Rela Berkorban


"Mereka cinta kepada Allah dan Rasulullah sehingga tidak takut akan konsekuensi-konsekuensi yang akan dihadapi apabila sudah memantapkan diri untuk taat hanya kepada Allah"



Dua kata di atas seringkali kita dengar saat pidato upacara maupun saat pelajaran pendidikan pancasila kewarganegaraan. Guru mata pelajaran tersebut menjelaskan bahwa rela berkorban bisa dilakukan dengan cara mengorbankan harta, tenaga, darah, otak, maupun nyawa sekalipun juga dikorbankan untuk meraih kemerdekaan Indonesia. Rela berkorban merupakan hasil timbal balik atau umpan balik dari suatu sebab, yaitu rasa cinta pada sesuatu.

Cinta? Ya, cinta yang membuat manusia cenderung ingin memperolehnya dengan cara apapun. Bahkan mampu mengorbankan hal yang dimilikinya apabila cinta itu sulit untuk didapat. Seperti kalimat di paragraf pertama tadi.

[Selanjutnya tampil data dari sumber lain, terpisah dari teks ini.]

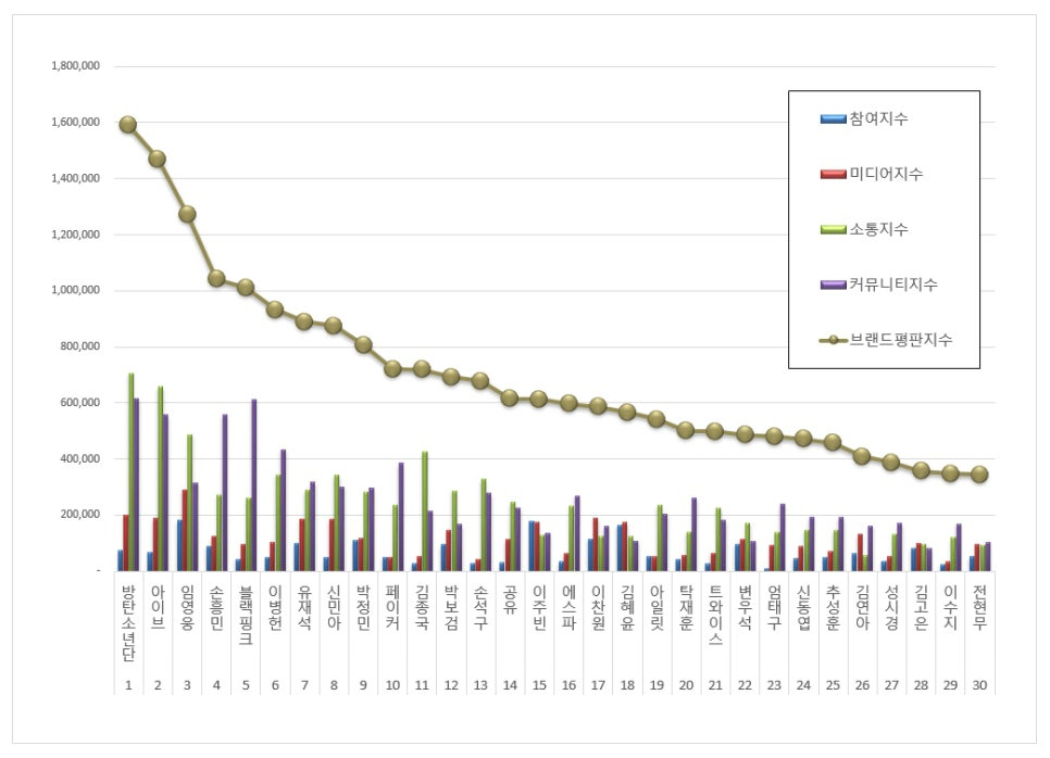 임영웅 브랜드는 참여지수 181,238 미디어지수 289,449 소통지수 487,448 커뮤니티지수 314,434가 되면서 브랜드평판지수 1,272,569로 분석됐다. 지난 1월 브랜드평판지수 1,066,183과 비교해보면 19.36% 상승했다.

Nah, rasa cinta ini juga menghinggapi manusia-manusia tanpa pandang bulu. Seperti halnya sahabat nabi Muhammad yang rela berkorban segalanya demi mendapat cinta Allah, atau lebih tepatnya  ridha Allah. Seperti halnya Bilal bin Rabah yang disiksa dengan cara ditelentangkan di atas pasir saat siang hari, dan batu besar menindih tubuhnya sehingga mengakibatkan Bilal sesak napas. Kemudian Abu Dzar Al Ghifari yang terkenal tidak takut kepada kaum kafir Di Mekkah. Dengan lantangnya beliau meneriakkan syahadat di Masjidil Haram di tengah lingkungan kaum kuffar Mekkah. Selain itu juga ada kisah penderitaan Khabab bin Al Art yang diseret di atas bara api yang menyala-nyala. Kulit punggungnya terkelupas, hingga bara api itu padam akibat terkena serpihan lemak dan darah Khabab. Kenapa mereka diam saja  begitu disakiti seperti itu? Bisa saja mereka melawan balik, atau lebih buruknya lagi mengikuti bujukan kaum kafir untuk keluar dari agama Islam. Mereka cinta kepada Allah dan Rasulullah sehingga tidak takut akan konsekuensi-konsekuensi yang akan dihadapi apabila sudah memantapkan diri untuk taat hanya kepada Allah. Akhirnya ketaatan buah hasil dari rasa cinta para sahabat kepada Allah menghasilkan tindakan rela berkorban demi mendapatkan ridhaNya.

Sekarang kita bandingkan hasil perjuangan dan rasa rela berkorban para sahabat dengan kita. Kita tidak ada apa-apanya dibandingkan dengan para shabat nabi Muhammad. Terkadang kita masih enggan, lupa dan malas untuk melaksanakan amalan sunnah Nabi Muhammad. Pantaskah kita berperilaku seperti itu? Lantas, pantaskah kita mengaku-ngaku sebagai muslim yang cinta kepada Rasul, tetapi kita berat untuk mrlaksanakan amalan sunnah nabi? Pantaskah kita mengganti rasa cinta kepada selain dari Allah swt?
Marilah kita tanamkan kembali rasa cinta kita kepada Allah swt dan nabi Muhammad dengan cara menggapai ridhaNya. Caranya adalah dengan mengorbankan waktu luang. Gunakanlah waktu luangmu untuk mengerjakan amalan-amalam sunnah, mengikuti kajian Islam, dan jadikanlah sosok para sahabat nabi Muhammad sebagai role model kita dalam menjalani kehidupan sehari-hari. 



Rela Berkorban untuk Mendapatkan Ridha Allah Swt.